When this man is upset about Christmas, he asks Reddit:
Basically earlier on this year, she (37F) came out as a lesbian to me (37M) and we divorced after being together 11 years.
It really sucked, and even though we've remained sort of friends because we share our dog together who's 10, I do find it hard. Because she's been in my life for so long, she's remained on good terms with my family especially my folks who see her as a daughter in law still.
If we were still together, we'd have spent Christmas together with my parents but as we're not, I was just planning to spend it with them on my own.
I was talking to her a couple of days ago and mentioned that I was looking forward to my mum's Christmas dinner and she said she was too - she assumed she's still coming, especially as her family have effectively disowned her for being gay she doesn't really have anywhere else to go.
My mum told her when we split up she's still welcome there anytime especially Christmas.
I told her I don't want her to come, it's a bit too weird to me to spend Christmas with her after all that's gone down and would rather just have it as family only.

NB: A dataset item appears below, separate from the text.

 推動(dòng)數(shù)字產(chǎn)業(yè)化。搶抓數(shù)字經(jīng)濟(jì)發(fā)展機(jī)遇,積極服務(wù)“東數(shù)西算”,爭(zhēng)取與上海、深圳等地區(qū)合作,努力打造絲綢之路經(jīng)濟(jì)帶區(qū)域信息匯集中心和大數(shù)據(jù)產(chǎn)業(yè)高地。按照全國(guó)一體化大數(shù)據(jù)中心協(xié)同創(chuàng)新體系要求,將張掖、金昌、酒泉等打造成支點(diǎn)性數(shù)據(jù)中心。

She got really upset about it and said she didn't have anywhere else to go, and otherwise it would just her and the dog (we agreed he'd be with her this Christmas and alternate it). I said no still and she starred crying and I hung up.

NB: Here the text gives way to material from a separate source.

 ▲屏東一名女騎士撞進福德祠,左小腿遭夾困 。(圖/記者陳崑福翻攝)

Obviously I don't want to upset anyone so think I could be an asshole for that? I mean she does have a girlfriend, I don't see why they can't spend time together?

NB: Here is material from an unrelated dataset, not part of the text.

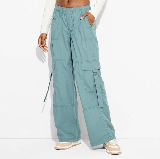 Wild Fable Women's Mid Rise Wide Leg Relaxed Cargo Pants Blue

I told my mum today and she was really angry. She said that I didn't have the right to dis-invite anyone and shouldn't be so mean at Christmas. I told her she's my ex, if I don't want to see anyone then I shouldn't have to.
She said she is in 2 minds whether to just invite her anyway and if I don't like it then I can not come myself. I don't know Reddit. I don't think I'm an ah for not wanting to see her, but maybe I could have handled it better? AITA?
semerian writes:
NTA. Ex wife doesn't get to share your family still. Make it very clear to your parents. They are welcome to invite her, but if you show up and she's there you're leaving and not doing anything with them over the holidays.
just-peepin-at-u writes:
Yes, and one day OP will move on. He has to heal, and having her around at his holidays extends that process. What is going to happen when OP is serious with a new girl and they all spend holidays together?
It sucks for his ex, but no matter the reason for the divorce, they are still divorced. I know the whole spiel people want to go through and set up that cute “But we are still friends” narrative, but come on, really yall? Of course OP doesn’t want his ex wife at his Christmas dinner. NTA.